桃色の紙片に彩られ嬉しそうに応える柊木の後ろ姿を眺めながら小声で呟くと、九藤は大きく頷いた。
「まさか犯人を仕留めちゃうとはね~」
事件の日、パーティ会場に残っていた柊木は、あの後犯人であるアルファたちと直接対峙し、見事返り討ちにしたらしい。
アルファのフェロモンが効かないオメガ性のゲストが柊木以外にも複数人いたようで、彼らもまた空き瓶や椅子など手に取れるものを何でもかんでも持ち出して、柊木を援護しつつ応戦したそうだ。
アルファとオメガ双方のフェロモンが施設内に充満していたことも影響してか警察の突入が遅れたものの、アルファ数人を一蹴して仲間を守った美人オメガというのが世間的にも注目を浴びて、より報道に拍車をかけたという経緯がある。
「柊木さん、取材の申し込みも沢山されたらしいよ」
「まじで?」
「だってさ、オメガのヒーローだよ? そりゃみんな話を聞きたいって思うよね。――でも旦那さんに全部却下されたんだって」
「あー……。まあ、そっか。柊木さんのインタビュー、俺も見たかったなあ」
ちらりと恋人の顔が脳裏によぎって、圭人は思わず苦笑した。
柊木の番のアルファも、所謂アルファらしい判断を下したということだ。
柊木の華々しい姿が見られないのは勿体ない気もするが、番を得たアルファというのは一般的に支配欲や独占欲が増大するものらしいので。
「圭人、いま香倉さんのこと考えてたでしょ」
「え、いや別に」
「いま絶対考えてたじゃんっ。……あのさ、話のついでだし一応言うけど、アルファはただ独占欲が強いだけじゃないんだからね?」
「……というと?」
首を傾げた圭人に、「まだわかってないの?」と九藤は呆れたように溜め息をついた。
「アルファにとっては、意中のオメガ……特に番関係にあるオメガは彼らの弱点になるんだよ。アルファがオメガを囲いたがるのは、自分の弱点を世間に晒さないためでもあるんだよね」
「弱点か……え、それってもしかしてあの写真のこと言ってる?」
「当たり前でしょ!? 共犯の僕が言うのもあれだけど、圭人も自覚しなよ? きみってとっくに香倉さんの弱点なんだ。兄貴みたいな悪どいアルファに利用されたくなかったら、きみがガードを固めないとっ!」
圭人は再び苦く笑って、「肝に銘じます」と親友に誓った。
回廊を抜けた先にあるサンルームに移動して、乾杯をして。
久しぶりに顔を合わせることができたオメガたちは、食事もそこそこに、あちらこちらで話に花を咲かせている。
室内の様子を眺めながら壁際でグラスを傾けていた圭人は、ふと最近ずっと気になっていたことを思い出した。
隣でショートケーキの苺を頬張ったばかりの九藤に、「そういえばさ」と切り出してみる。

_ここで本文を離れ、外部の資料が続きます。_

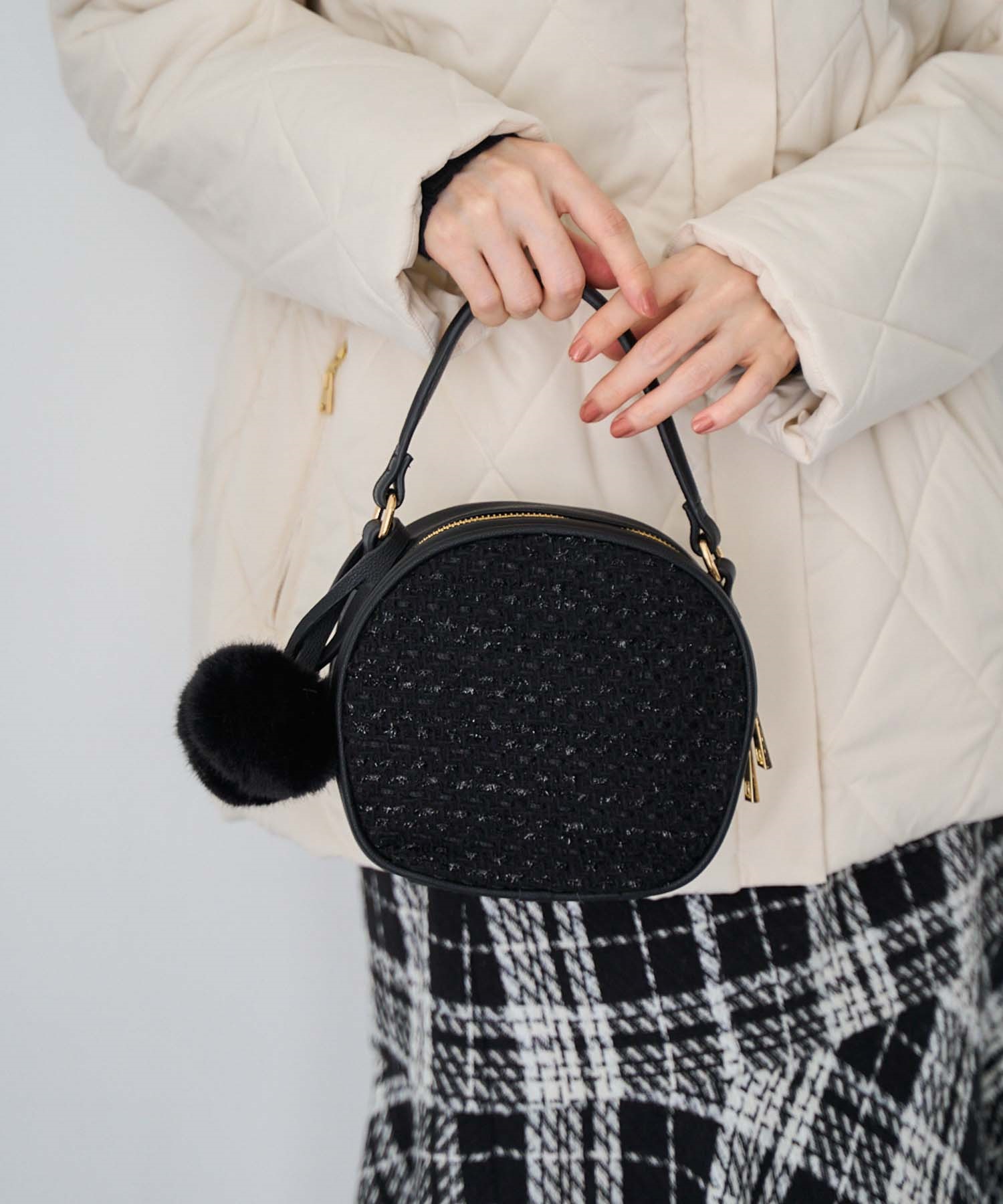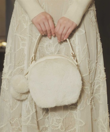 ファーバッグには取り外し可能なポンポンチャームがアクセントに。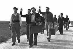 رئيس الوزراء، موشيه شاريت، ويقف خلفه مساعده جدعون رفائيل، الذي أصبح في 1954 مديرا لادارة الشرق الأوسط والأمم المتحدة بوزارة الخارجية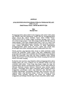 Pertanggungjawaban pidana adalah bentuk tanggung jawab pelaku tindak pidana atas kesalahan yang telah dilakukannya. Dengan kata lain, pertanggungjawaban pidana muncul dari adanya kesalahan seperti dalam Putusan Nomor: 146/Pid.Sus/2025/PN.Tjk dengan sengaja memainkan perjudian online melalui situs website dengan penjara 1 (satu) tahun dengan denda Rp.5000.000 (lima juta rupiah) subsidair 1 (satu) bulan, sedangkan dalam Pasal 27 ayat (2) jo. Pasal 45 ayat (2) UU 19/2016 dengan pidana penjara maksimal 6 tahun dan denda maksimal 1 miliar. Adapun permasalahan dalam penelitian ini adalah bagaimanakah pertanggungjawaban pidana pelaku judi online, apakah yang menjadi dasar pertimbangan hakim dalam menjatuhkan pidana terhadap pelaku judi online. Metode penelitian yang digunakan dalam skripsi ini adalah pendekatan yuridis normatif dan pendekatan yuridis empiris, yang mana menggunakan teknik pengumpulan data dengan studi kepustakaan dan studi lapangan, yang dilengkapi dengan data Narasumber yang terdiri dari Hakim Pengadilan Negeri Tanjung Karang, Jaksa Penuntut Umum Kejaksaan Negeri Bandar Lampung, dan Akademisi Hukum Universitas Lampung. Berdasarkan hasil penelitian yang didapatkan adalah pertanggungjawaban pidana terhadap pelaku judi online, terdakwa Arzy bin Bahrudin terbukti secara sah melakukan tindak pidana “Setiap Orang yang dengan sengaja dan tanpa hak mendistribusikan dan/atau mentransmisikan dan/atau membuat dapat diaksesnya Informasi Elektronik dan/atau Dokumen Elektronik yang memiliki muatan perjudian”. Petimbangan hakim dalam menjatuhkan pidana terhadap Terdakwa menggunakan pertimbangan yuridis yang didasarkan pada fakta-fakta yang terungkap dipersidangan, pertimbangan sosiologis yang menentukan berat atau ringannya pidana yang dijatuhkan dengan melihat latar belakang perbuatan terdakwa, akibat perbuatan terdakwa, dan kondisi diri terdakwa, serta menggunakan pertimbangan filosofis yang bertujuan menjatuhkan pidana kepada terdakwa adalah upaya untuk memperbaiki perilaku terdakwa dalam proses pemidanaan. Aparat penegak hukum diharapkan dalam penanganan tindak pidana perjudian online dapat lebih menitikberatkan pada pemenuhan dan pembuktian unsur pertanggungjawaban pidana pelaku, khususnya terkait perbuatan pidana (actus reus) dan kesalahan (mens rea). Oleh karena itu, diperlukan dukungan sarana pembuktian berbasis digital serta kerja sama dengan penyedia layanan internet dan lembaga perbankan guna menelusuri perbuatan dan sikap batin pelaku dalam melakukan perjudian online. Hakim diharapkan dapat memperkuat pertimbangan yuridis maupun non-yuridis dalam memutus perkara perjudian online, terutama dengan memperhatikan motif, pola keterlibatan, serta tingkat kesadaran pelaku dalam menggunakan sistem digital untuk melakukan perbuatan pidana. Pendekatan ini penting untuk memastikan bahwa putusan yang dijatuhkan tidak hanya memenuhi aspek kepastian hukum, tetapi juga mampu memberikan efek jera yang proporsional terhadap pelaku serta mencegah terulangnya tindak pidana serupa. Kata Kunci: Pertanggungjawaban Pidana, Judi Online, UU ITE.

「史仁さんがお兄さんと面識があるって、ノゾムはいつから気付いてたんだ?」
「……この僕が、隙だらけのきみに得体の知れないアルファを勧めると思うの? 圭人の番かもってわかった時点で、あの人の人となりは一応兄貴に確認したよ」
「てことは、まさか最初から……?」
「まあね。アルファは番を定めたら粘着質だから面倒だけど、きみが本気で香倉さんを拒否する場合は手を貸してもいいとは思ってた。だから敢えて言わずにいたんだよ」
圭人は思わず天井を仰ぎ、顔を覆った。
「……やば。俺やっぱノゾムに惚れるしかなくない? めっちゃ男前じゃんか……」
「きみ、恩人に仇で返す気なの? やめてよね、あの人の嫉妬とかめちゃくちゃ怖い!」
「……なんでそこまでしてくれたんだ?」
「……秘密。ていうかただの慈善活動だよ。徳を積んでおけば、いつかは僕もオメガの神様に愛されるかなって」
小ぶりのケーキはあっという間に九藤の胃袋へと消えていった。
ちょうどその時、「集合写真を撮りまーす」と大きく呼びかける声があって、二人そろって写真撮影の輪に加わった。
ひとしきり撮影が終わったところで、圭人は花冠を頭にのせた柊木に弾んだ声色で肩を叩かれた。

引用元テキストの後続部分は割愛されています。